Героиня романа спорит со своим английским любовником, пытаясь объяснить, что ее сущность не сводится к словам. А он в ответ припечатывает ее каким-нибудь термином, причем определения меняются каждую минуту, в зависимости от возражений китаянки. «Атеистка», «агностик», «скептик», «интуит» — в какой-то момент все это слипается в единое словесное месиво, которое захлебывается в том, что оно означает. Героиня «Словаря», в совершенстве овладев английским, но так и не найдя общий язык с Западом из-за его словесной перегруженности, возвращается в Китай, который ей теперь тоже чужой. Героиня «Китаянки» оседает в Лондоне, потому что существует во внеязыковой реальности, руководствуясь чистыми инстинктами.

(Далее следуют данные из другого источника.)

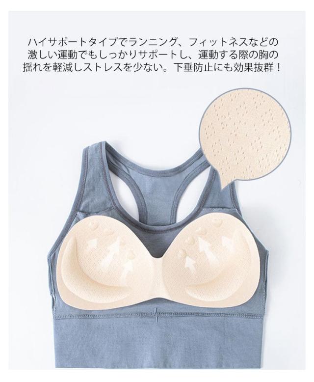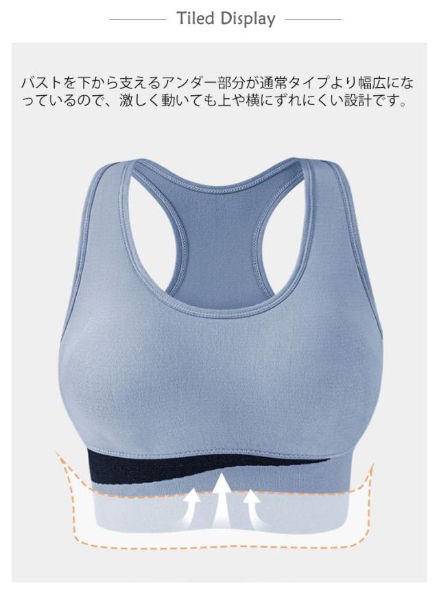 | かっこいい見えるスポーツブラ。 バストを下から支えるアンダー部分が通常タイプより幅広になっているので、激しく動いても上や横にずれにくい設計です。 圧迫感や窮屈感がなく、肌触りがよい、それに伸縮性に優れし、胸を締めつけないように着られます。 厚めの肩紐で長時間のランニング激しい運動でも肩が痛くなることを防ぎます。 ハイサポートタイプでランニング、フィットネスなどの激しい運動でもしっかりサポートし、運動する際の胸の揺れを軽減しストレスを少ない。下垂防止にも効果抜群! | |
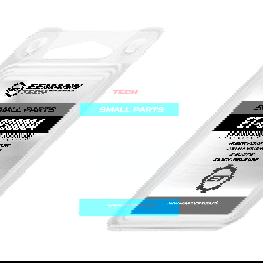 Höj din Picatinny-monteringsyta med 15 mm med denna lätta riseradapter med 5 spår från Eemann Tech – CNC-fräst av 6063-T6 aluminium med snabbkopplingsfunktion.
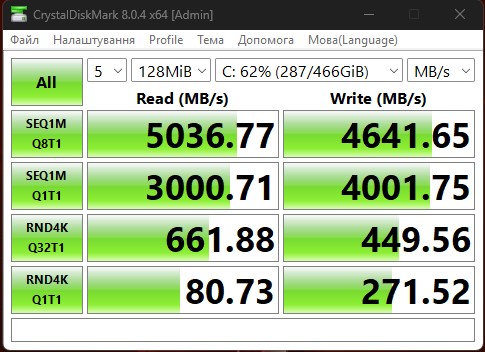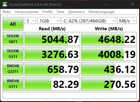 Prędkość odczytu sięga 5000 MB/s, a zapisu do 4650 MB/s.

Лондон для нее — это не экзотическое место, а более удобная среда обитания, в которой национальные традиции не давят — в отличие от Китая. Сама она — никакой не турист, а инсайдер, адаптирующийся в новой и незнакомой стране едва ли не быстрее, чем ее коренные жители.

Красивое слово «экзотика» — это тоже еще один рудиментарный термин для обозначения того, чего в реальности давно нет. К счастью, из сегодняшнего кинословаря оно начинает исчезать, приближая кино к незаболтанной и незамыленной реальности.